時值中午,右教坊宅院的大門卻緊閉著。右教坊共轄四部,計有雅樂部、雲韶部、鼓吹
部與清樂部。所謂「九部樂」就這麼為左右教坊分轄統領著。
這時坊內諸院闃寂,唯雲韶部所在的雲韶廳中還傳出些聲息。
那雲韶廳佔地極大,五開的格局全未隔斷,粗大的楠木柱子支在厚重的石礎上。石礎全
未雕花,柱上也只塗了清漆,陳年的木香微微發散出來,映襯著那石礎青粗厚重的紋理。廳
頂上也沒有吊棚,直接橫陳著一根根粗大的梁木。梁木塗成褐色,而梁木上頭的瓦頂,是直
接在瓦上開了些口子,用半磨光的雲母石砌就天窗。
日光透過雲母石,隔著粗大的梁木,濾成乳白照下來,照著這有數十席大小的雲韶廳。
廳內一溜青蕩蕩的地磚上,這時正站了二十幾個雲韶子弟。她們個個斂手屏息,人人都
只穿著練功用的白紵衫。那紵裳竟是半透明的,裡面空空蕩蕩,什麼也沒有——因為教舞的
善才要看清她們的肢體動作,所以有意讓她們什麼都不穿。
滿廳都是女子,只教舞的樂師是個男人。那白紵衫如雲似霧地浮在一個個年輕的軀體上
,就只這麼站著,也像一團薄薄的霧飄浮在清朗流麗的生命之河上。
廳內,只坐北朝南地放置著一張胡床。那胡床很矮,上面只鋪了張簡素的龍鬚席。胡床
四腳上的雕花卻剛健樸實。那胡床上坐著一個男子,年紀好有三十許,同樣是一身白衣,不
過他的衣麻麻的白,卻是不透明的。那衣服粗硬硬地襯著那男子方刮淨的鬚根,襯得衣越白
,鬚根也越加青森乾硬。
那男子身材削瘦,雙頰微陷,挑眉細眼。只見他面前放著一盆水。忽然他略鬆了一下領
口的扣子,一件薄衫就從他領上直洩落在腰際。

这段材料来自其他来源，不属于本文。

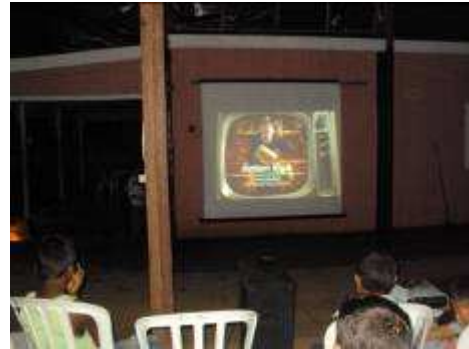
Fotos 255 e 256 - Sessão de Cinema

他自敞衣袒腹,腹上的皮黃薄得像一張紙,
那紙打了皺,紋路疊加地替代了他漠無表情的臉。
只見那男子抽出一根籐條,用那籐條沾水,就向自己背上抽去。
廳內很久都沒有動靜了,這時卻聽「啪」地一聲脆響。
那聲音挾著一道紅痕從那男子背上飛出,一條血紅的蜈蚣似的痕跡就慢慢在漲大。
那紅甚至漲出了那男子帶疤的背,直漲滿了整個雲韶廳中。
那男子眉毛一抖,卻不說話,用那籐條沾水,又一鞭用力向自己背上抽去。
他本是這雲韶部統領教授的善材宗令白,滿廳都是他的弟子。不知他為何不責罰堂前弟
子,反如此凌虐著自己。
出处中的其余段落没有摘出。